The drill, which took place in waters near Beibu Gulf, which is known as the Gulf of Tonkin in Vietnam, involved dozens of vessels from 10 military and civilian units, as well as several aircraft from the South Sea Fleet's naval aviation unit, a report posted on the PLA Daily website said yesterday.
The drill was held some time this summer. The report did not give an exact date.
The report said the PLA flotilla formed a few hours after receiving an order from a maritime command centre. It was reacting to the entry of "an armed suspicious fishing vessel" into waters claimed by China.
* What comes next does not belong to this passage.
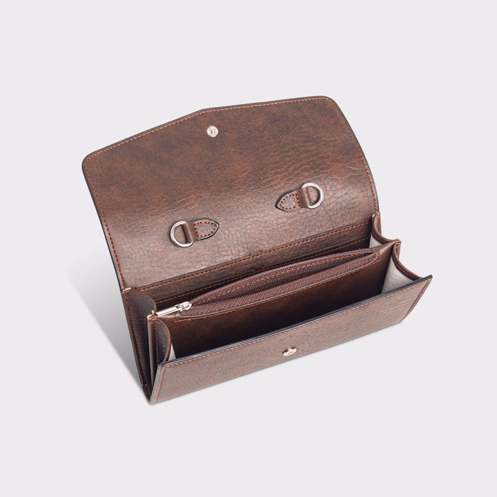 Ví được trang bị dây đeo dài 115 cm có thể tháo rời, biến đổi linh hoạt giữa ví cầm tay và túi đeo chéo. Phần dây được làm từ chất liệu đồng bộ với ví, đảm bảo độ bền và sự đồng nhất về thiết kế. Chi tiết móc kim loại sáng bóng không chỉ tăng thêm tính thẩm mỹ mà còn giúp việc tháo lắp dây trở nên dễ dàng.
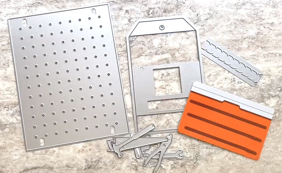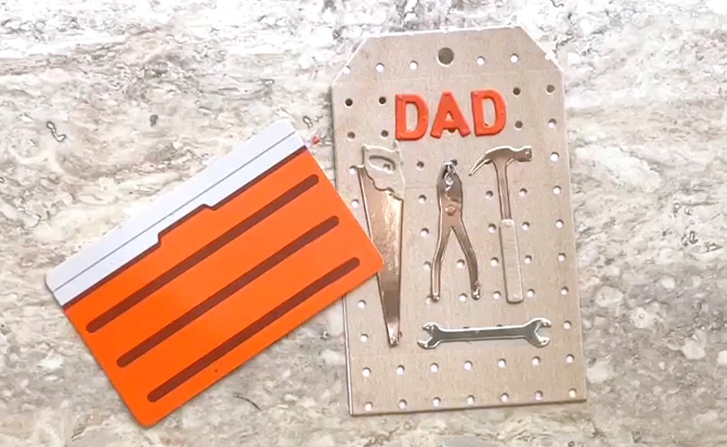 From metallic card stock, die cut the tools from the Tool Box Gift Card Holder die set. Die cut the handles for the saw and hammer from the same set and adhere to the tools.

The PLA vessels stopped the fishing vessel and detained 20 crewmen and one reporter, the report said.
"It's a rare maritime drill that is aimed at training all kinds of vessels patrolling nearby to provide efficient help in case there is a surprise attack from Vietnam in disputed waters in the South China Sea," Beijing-based naval expert Li Jie said, adding that the PLA would stage similar drills in the future.
"The drills will help the authorities to mount powerful counterattacks as well as to threaten Vietnam and other countries involved in territorial disputes, telling them that China is well prepared to repel any possible attack against its oil rigs."
On May 2, China deployed a large oil rig, known as HD 981, to waters close to the disputed Paracel Islands, which China calls the Xisha Islands. Vietnam calls them Hoang Sa.
The action triggered a tense stand-off and raised fears of confrontation as both Beijing and Hanoi sent dozens of military and civilian ships to the area. The row prompted a series of deadly anti-China riots in Vietnam, in which at least four Chinese died.
China moved the rig last month - more than a month ahead of schedule.